An exact transcript is required of the lines below, from the one containing "Cups are available" through the very last; leave every picture out of it.

===== Dataset records =====

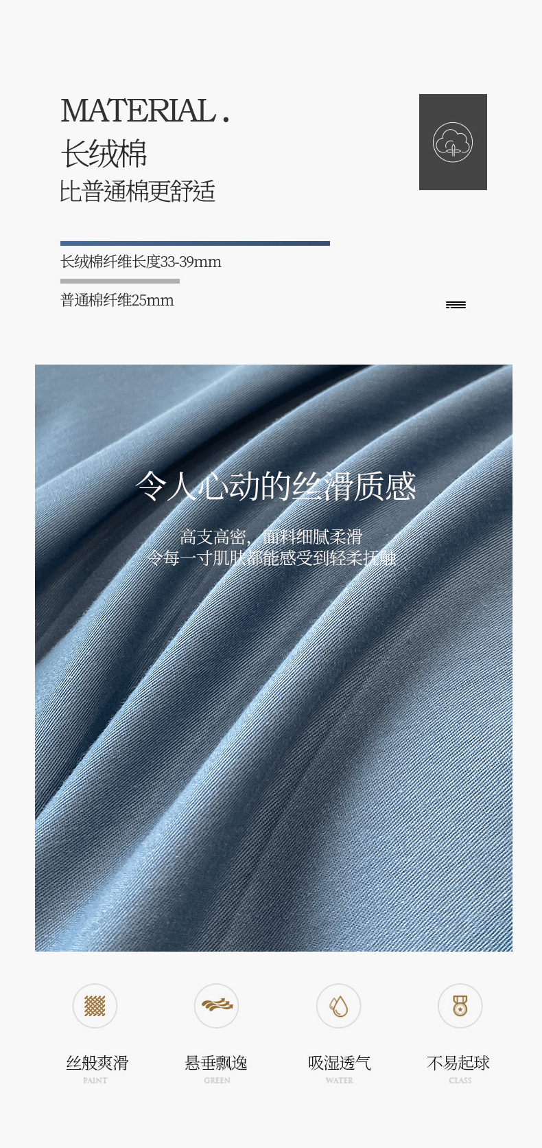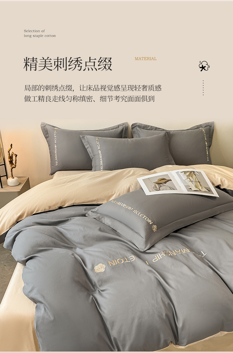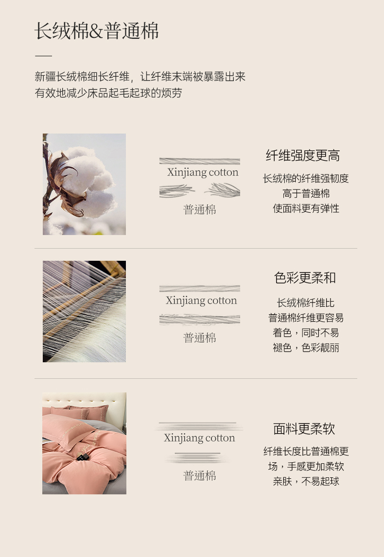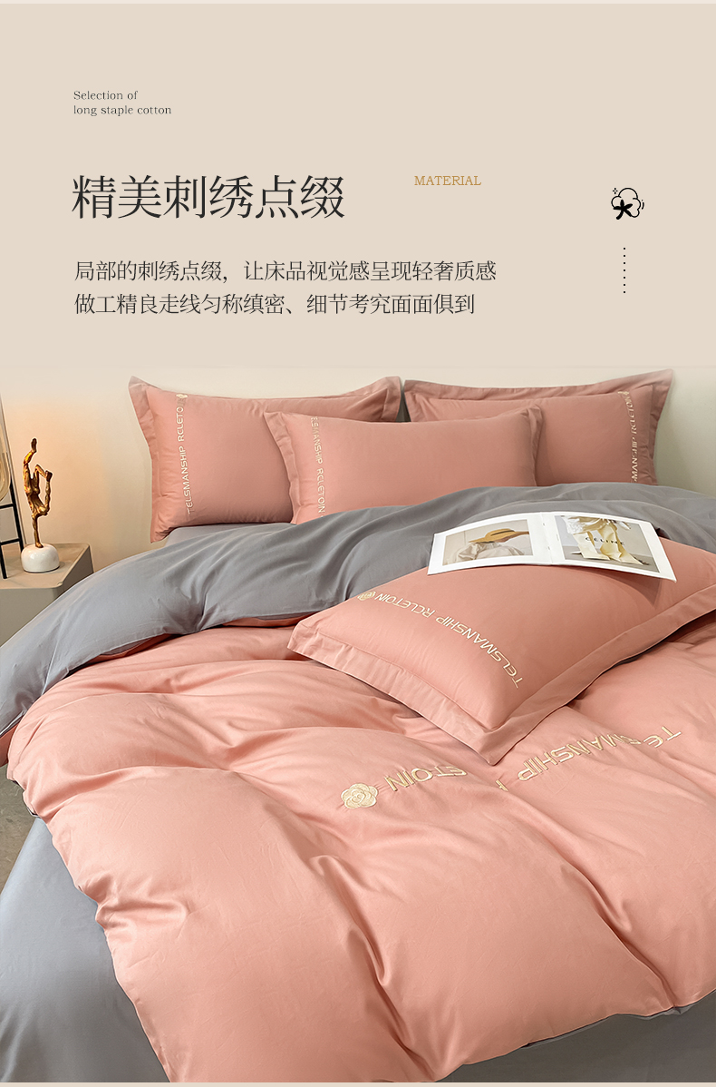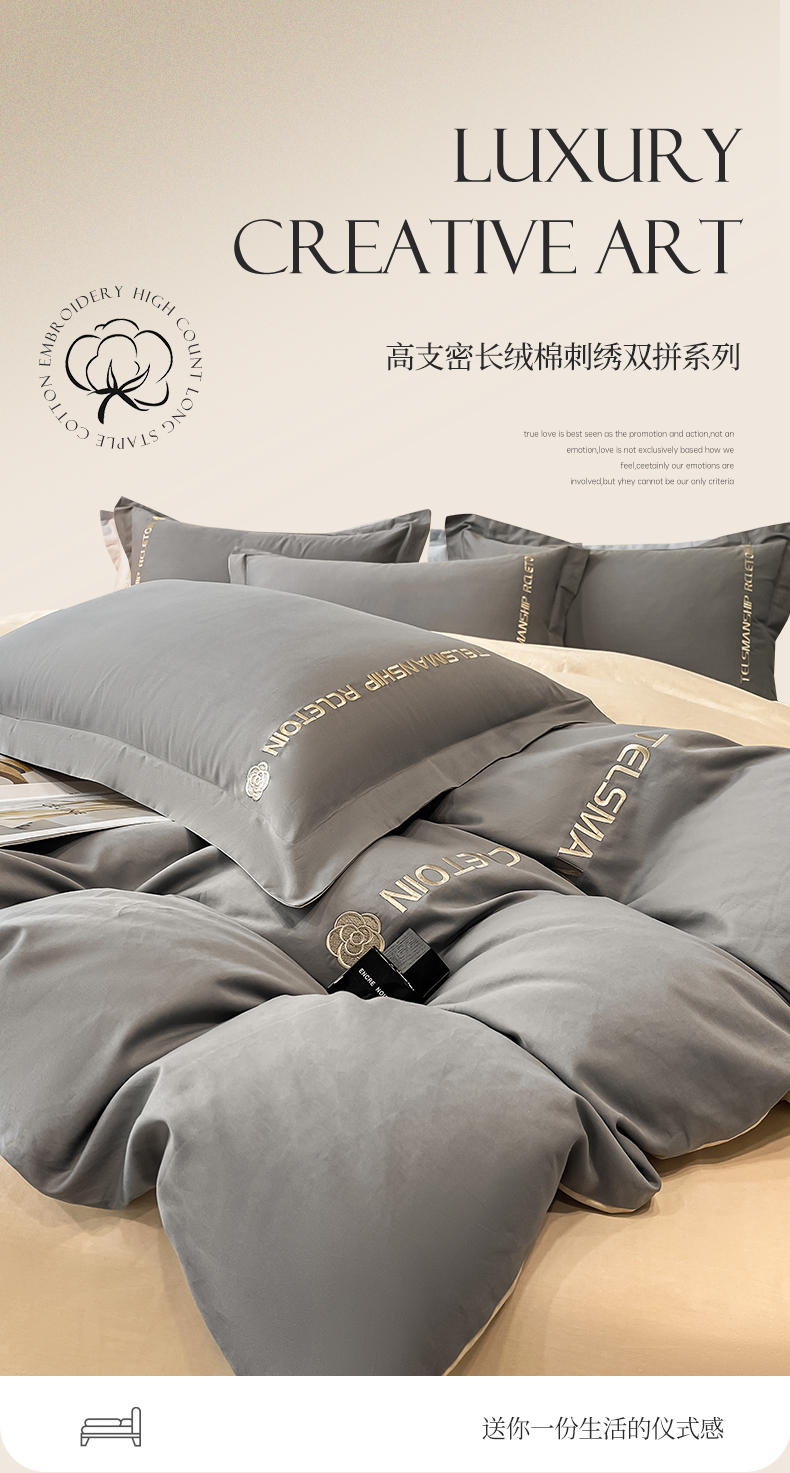 甄选高品质60支新疆长绒棉,平均生长周期比普通棉长10-15天,棉花更洁白饱满蓬松,无荧光,无甲醛,零污染生长环境,触感丝滑细腻,如丝如缎,泛着雅致的光泽感,不落世俗,时尚而尊贵。简约纯色风,精美山茶花刺绣,格调气质之选。
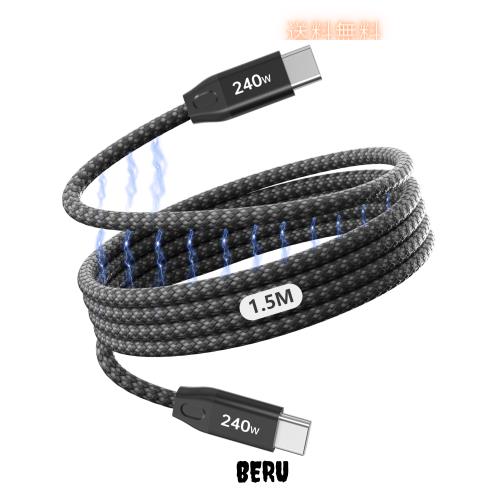 タイプc ケーブル 磁気自動収納 240W/5A マグネット充電ケーブル 急速充電【1.5M】 USB-C-ケーブル 同期データ転送 CtoCケーブル 磁気 ナ
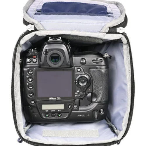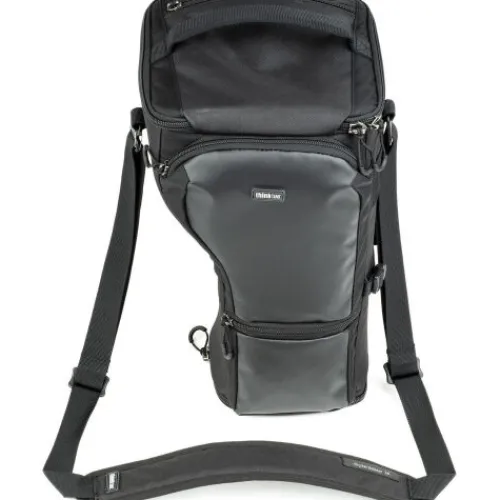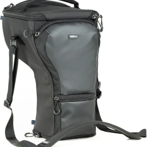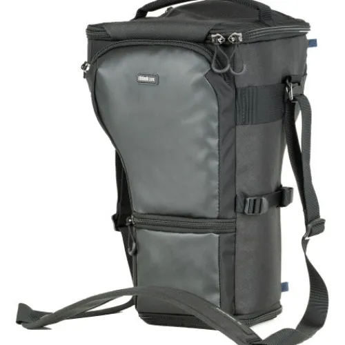 Protect and carry your camera with the V3 Digital Holster 50 from Think Tank Photo, designed to fit a gripped DSLR with a 70-200mm lens and the hood reversed. The “pop down” feature allows the holster to expand, accommodating a 70-200mm f/2.8 lens with the hood in the shooting position. A removable soft divider helps protect your camera’s LCD screen from the strap. Carry it using the top handle, wear it over your shoulder with the removable nonslip strap, or attach it to your belt via the rear loop for convenient access.
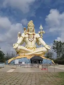The 1,500 tonnes statue of Lord Shiva is considered as the second largest resting statue of Lord Shiva in India and was prepared by sculptors from Shimoga for over 13 months. The civilian design was supplied by Bangalore-situated architects. The idol of Lord Shiva is made of cement and steel. A small Shiva Linga has been placed beneath the statue. Also, the "Shiva Charite" will be engraved on the inside walls of the Temple in the Kannada language to help devotees learn the mythological stories related to Shiva. The Trust wants to make it a major pilgrimage centre.
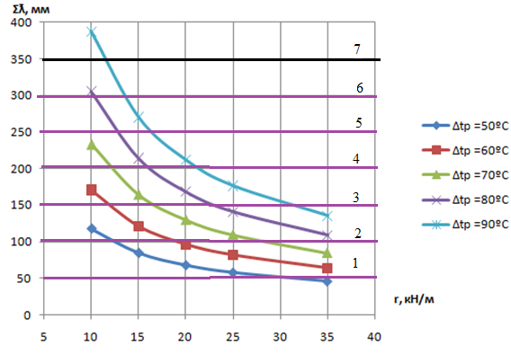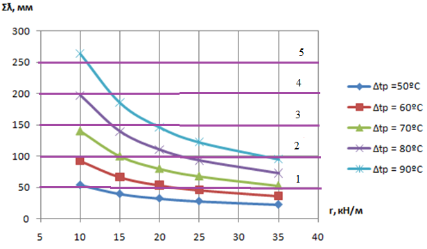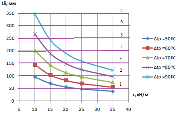 Рисунок 5.6 - Изменение суммы зазоров в уравнительном пролете (3×12,5м) от перепада температуры рельсов при охлаждении (r = 35 кгс/м)
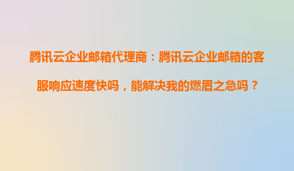 腾讯云企业邮箱代理服务:高效客服与快速响应 作为国内领先的云计算服务商,腾讯云企业邮箱凭借其强大的技术支撑和专业的服务体系,已成为众多企业的首选。本文将详细分析腾讯云企业邮箱的客服响应速度及解决问题的...
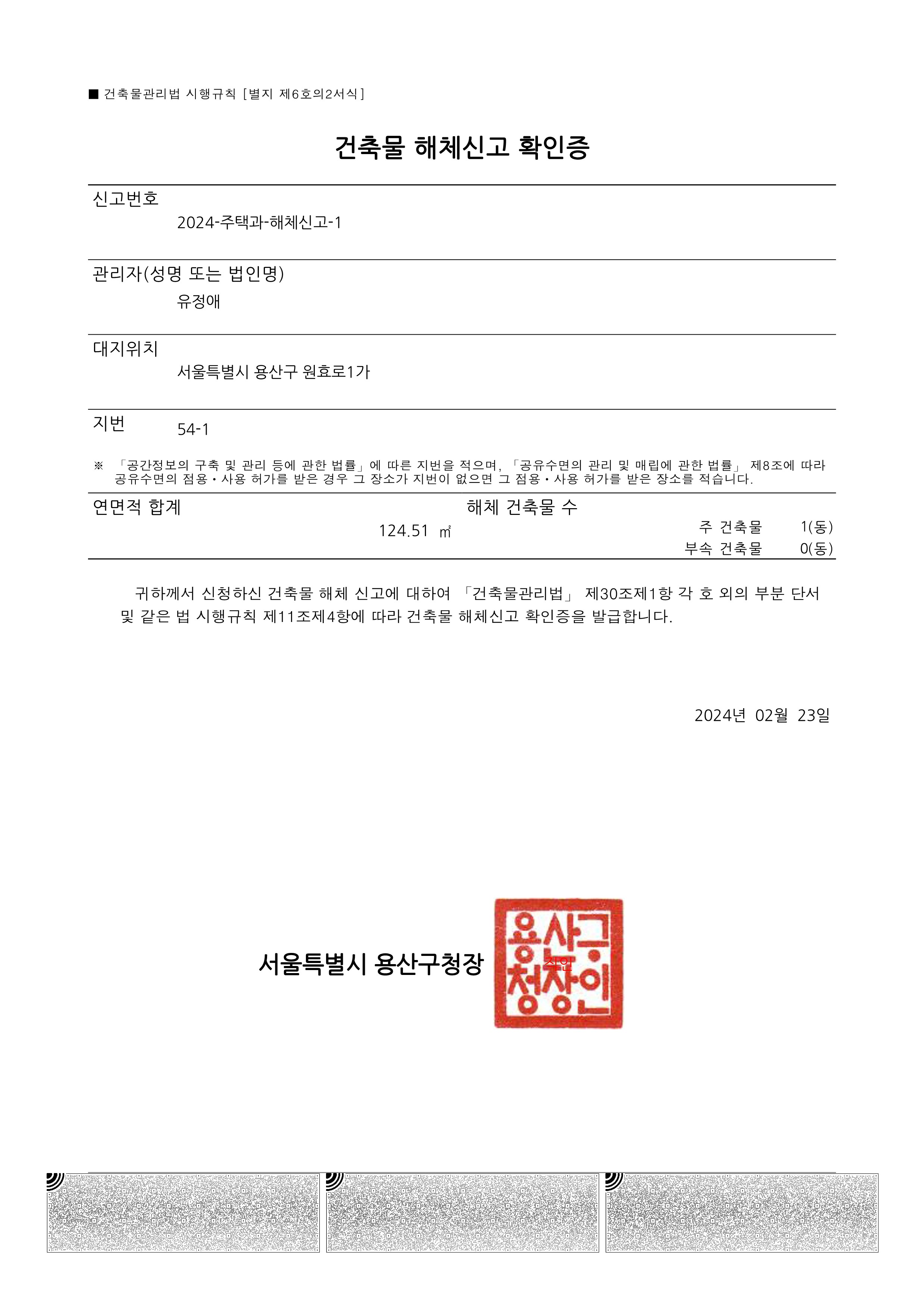 용산구 원효로1가 54-1 건축물 해체계획서용역(신고)
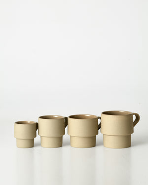 Cups are available in three sizes (3oz (95ml), 6oz (185ml), 8oz (250ml), and 11oz (320ml) ) to suit the beverage of your choice: 3oz for an espresso, 6oz for a cappuccino and a flat white, 8oz for a latte and 11oz for a cup of pourover, etc. Every size can be used with either the Circle or Oval Saucer.
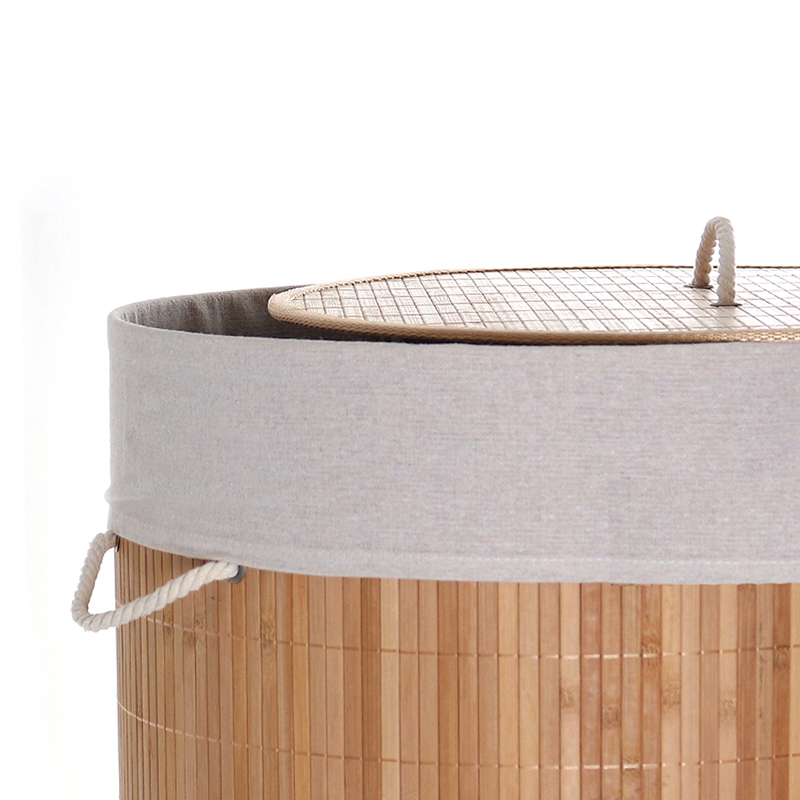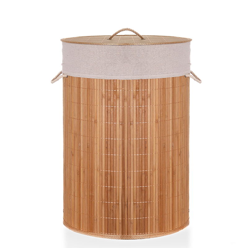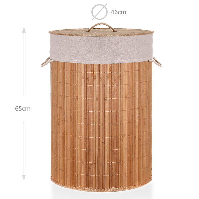 46 CM Wooden Bamboo Foldable Laundry Basket with Rope Handles Collapsible Laundry Hamper with Lid Built in Lining Clothes Storage Baskets Beige
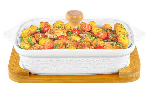 • Блюдо д/запекания и сервировки 1,1 л 30*18*13 см "Белый узор" с стекл крышкой на дер подст.
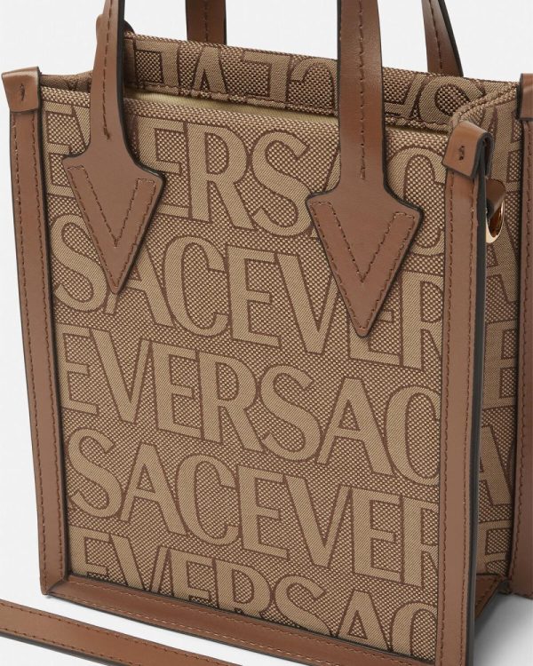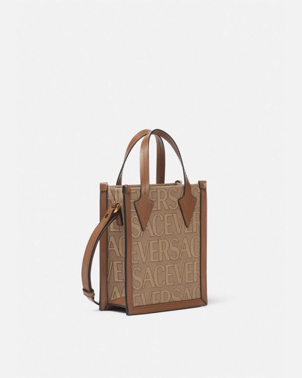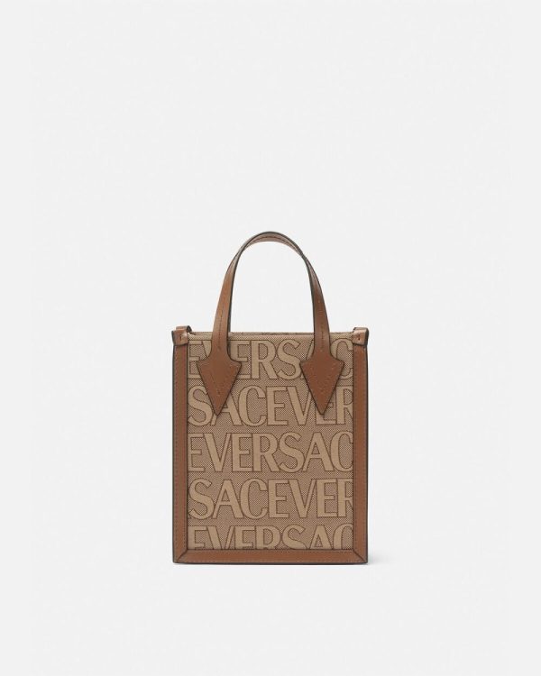 A small crossbody tote bag made from jacquard canvas in the Versace Allover pattern with leather trims. The open-top style is finished with leather handles and an adjustable and removable shoulder strap.
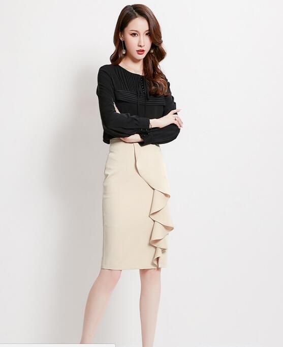 半身裙简单好搭配,又有很好的多变性搭配不同的上衣会有不一样的风格。这款半身裙颜色上采用的是温柔的杏色,简单大气的修身款式能够很好的凸显完美的身材曲线。裙身的花边不规则设计更是增加了几分甜美气质感。上身搭配一款简单的黑色衬衫即可轻松穿出职场气质范!

=====

- Response to this task
 Cups are available in three sizes (3oz (95ml), 6oz (185ml), 8oz (250ml), and 11oz (320ml) ) to suit the beverage of your choice: 3oz for an espresso, 6oz for a cappuccino and a flat white, 8oz for a latte and 11oz for a cup of pourover, etc. Every size can be used with either the Circle or Oval Saucer.
 46 CM Wooden Bamboo Foldable Laundry Basket with Rope Handles Collapsible Laundry Hamper with Lid Built in Lining Clothes Storage Baskets Beige
 • Блюдо д/запекания и сервировки 1,1 л 30*18*13 см "Белый узор" с стекл крышкой на дер подст.
 A small crossbody tote bag made from jacquard canvas in the Versace Allover pattern with leather trims. The open-top style is finished with leather handles and an adjustable and removable shoulder strap.
 半身裙简单好搭配,又有很好的多变性搭配不同的上衣会有不一样的风格。这款半身裙颜色上采用的是温柔的杏色,简单大气的修身款式能够很好的凸显完美的身材曲线。裙身的花边不规则设计更是增加了几分甜美气质感。上身搭配一款简单的黑色衬衫即可轻松穿出职场气质范!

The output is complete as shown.